Banyak pihak, terutama pendukung paslon 01 dan 03 yang berharap Mahkamah Konstitusi (MK) punya nyali untuk mengabulkan gugagatan kontra paslon 02 yaitu Prabowo-Gibran. Ada dua bukti pelanggaran yang mereka anggap nyata. “Ceto welo-welo” kata orang Jawa. Kesalahannya “mutawatir” kata orang Arab. Pertama, pencalonan Gibran di KPU cacat administratif. Kedua, ada “abuse of power”. Cawe-cawe kekuasaan semakin terang ketika empat menteri dimintai keterangan di persidangan, kata Hamdan Zoelva.
“Simple saja, berani gak MK mendiskualifikasi paslon 02, itu saja”, kata Mahfud MD, seorang mantan ketua MK 2008-2013. Hamdan Zoelva, mantan ketua MK 2013-2015 juga merasa optimis MK akan mengabulkan gugatan dan akan mendiskualifikasi paslon 02. Ucapan kedua mantan ketua MK ini pasti tidak sembarangan.
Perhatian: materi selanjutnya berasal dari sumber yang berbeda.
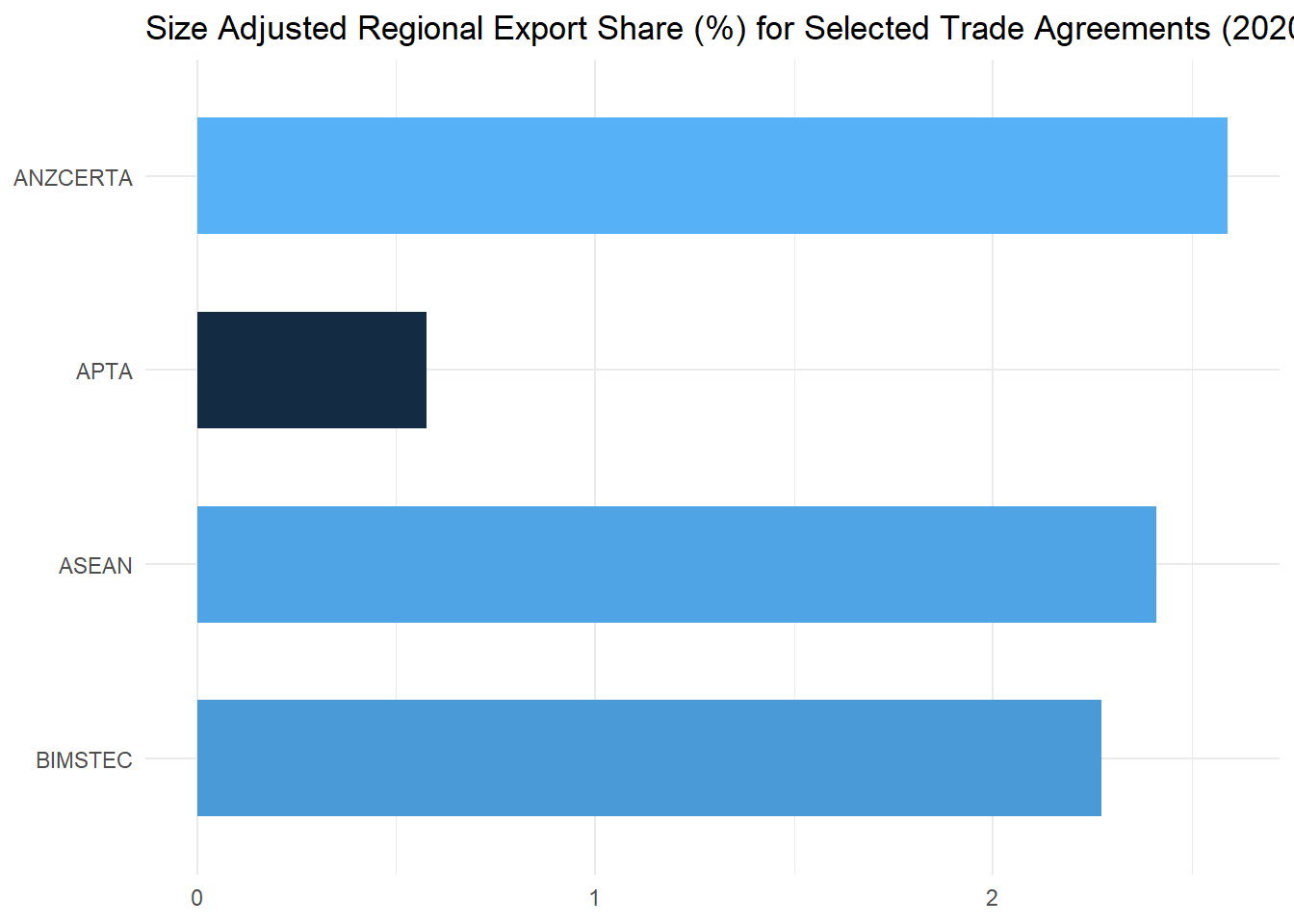 What does it tell us? The export share tells us how important a particular export partner is in terms of the overall export profile of an economy. Changes in the export share over time may indicate that the economies in question are becoming more integrated. In the case of intra-regional export shares, increases in the value over time are sometimes interpreted as an indicator of the significance of a regional trading bloc if one exists, or as a measure of potential if one is proposed. The latter assumes that groups with high shares are in some sense ‘natural’ trading partners.

Mereka paham betul soal materi gugatan. Kalau gak memenuhi unsur pelanggaran yang berpeluang dikabulkannya gugatan, gak mungkin mereka akan melakukan gugatan.
Tapi mereka lupa, di belakang paslon 02 ada pemegang kekuasaan. Ini yang seringkali orang salah hitung. Suka tidak suka, keberadaan penguasa itu faktor X. Jadi variable utama. Faktor ini paling dominan dan menentukan. Seringkali malah bukan fakta hukum yang menentukan. Jangan terkecoh.
Teringat apa yang pernah diungkapkan oleh Ibnu Khaldun (Muqaddimah) bahwa “yang kuat itu yang menang”. Hari ini, siapa yang lebih kuat dari penguasa? Tidak ada.
Konsep Trias Politika John Locke (filosof Inggris 1632-1704) yang disempurnakan strukturnya oleh Montesquieu (Seorang Ahli Ilmu Politik Prancis 1689-1755) tidak berlaku di alam demokrasi Indonesia. Lembaga Legislatif dan Yudikatif di Indonesia berada di genggaman eksekutif. Mulai dari Orde Lama, lanjut Orde Baru, kemudian Orde Reformasi, Eksekutif dalam hal ini istana, ialah penguasa dan orang paling kuat. Di tangannyalah semua kebijakan, bahkan UU dan keputusan hukum dikendalikan. Memang, ini menyalahi teori. Fakta politik di Indonesia selalu berhasil membalikkan teori, termasuk teori Trias Politika John Locke dan Montesquieu itu.